Hejira host Jeff Spitzer-Resnick had a chance to catch up with Bruce Cockburn, who is coming to Madison on March 12th, while he was on tour. Here is a lightly edited transcript of the interview, revealing a lot of this talented singer-songwriter’s philosophy.
JSR: I’m here with Bruce Cockburn who is on the road, I believe in Maine.
Bruce Cockburn: Yes, Waterville, Maine.
JSR: And you’re coming to Madison soon on the 12th. I look forward to going to your show, Bruce, and I have a unique opportunity to interview you. I’ve certainly been following your music for, I don’t think quite 50 years, but maybe 40 plus.
I was actually a little surprised that you’ve got a greatest hits album that goes back longer than 50 years.

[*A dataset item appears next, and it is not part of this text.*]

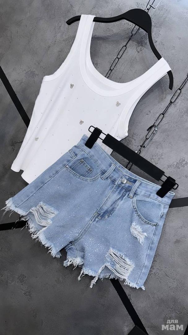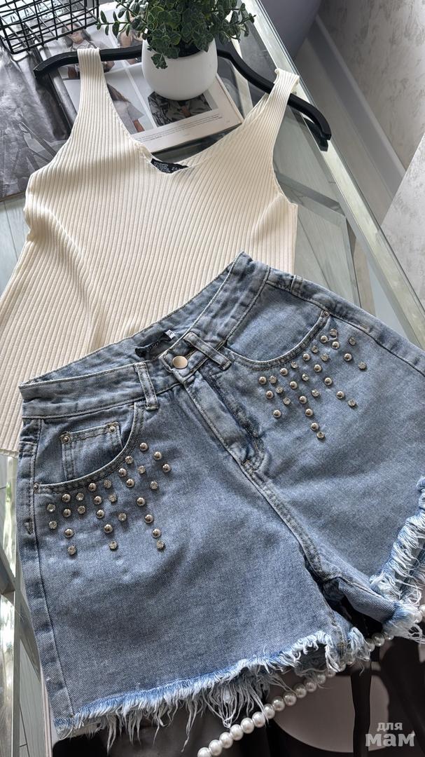 Джинсовые шорты с камешками. Отличное качество, длина 34 см, чем больше размер, тем чуть длиннее. ЦЕНА 800 РУБ

So, first of all, tell me a little bit about the tour where you’re in Maine now. What’s it looking like?
Bruce Cockburn: Well, Maine is full of snow and ice, and it’s overcast. I mean, I’m seeing it from the inside of a tour bus right now.
But the tour’s been going well, actually, we did a leg on the west coast in December just before Christmas and that worked out well. We’re maybe four or five shows into this run and it’s working out well to see people are really happy with being out and being able to sit in a room together.

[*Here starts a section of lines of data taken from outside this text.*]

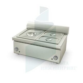 Мармит предназначен для размещения в нем гастроемкостей: GN-1/4х150 мм – 2шт., GN-1/2х150 мм – 1шт. Гастроемкости с крышками входят в комплект поставки (2 шт GN-1/4). Для установки гастроемкостей меньших размеров предусмотрена съемная перемычка из нержавеющей стали.
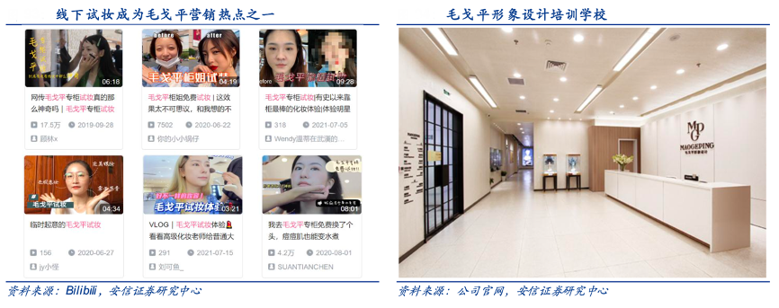 經(jīng)典案例:根據(jù)Billbill、公司官網(wǎng)、安信證券研究中心等綜合資訊表明,結(jié)合 CBNData,截至 2020 年 4 月,MGPIN 共有 244 家線下專柜,營收占比達到 70%-80%。每家專柜都提供試妝服務(wù),一方面讓客戶通過體驗妝效感受產(chǎn)品品質(zhì),幫助其選擇適合的產(chǎn)品,另一方面挖掘潛在需求,培養(yǎng)彩妝消費習(xí)慣,增強客戶粘性和復(fù)購率。
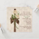 Cream coloured rose bouquet with brown satin bow and pearls for wedding vow renewal invitation.
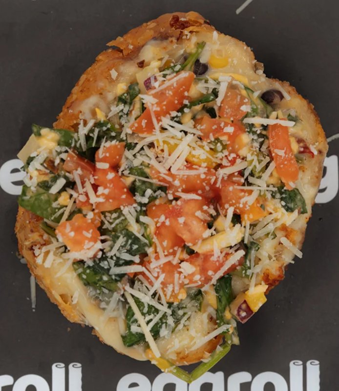 A vibrant mix of black beans, sweet corn, spinach, red onions, and peppers, blended with mozzarella, provolone, and creamy queso. Sealed with garlic butter and fried crisp. Combos include seasoned fries tossed in our signature spice blend.

I think it probably almost doesn’t matter who’s on stage. It’s like everybody feels good.
JSR: I think it matters a little bit. I certainly am somewhat choosy about who I go see, especially during the pandemic. One of the things that I’ve noticed in your music, in addition to just musically enjoying it, is that you tend to have a lot of political commentary.
What do you see as your role as a musician when it comes to the political world, if you will?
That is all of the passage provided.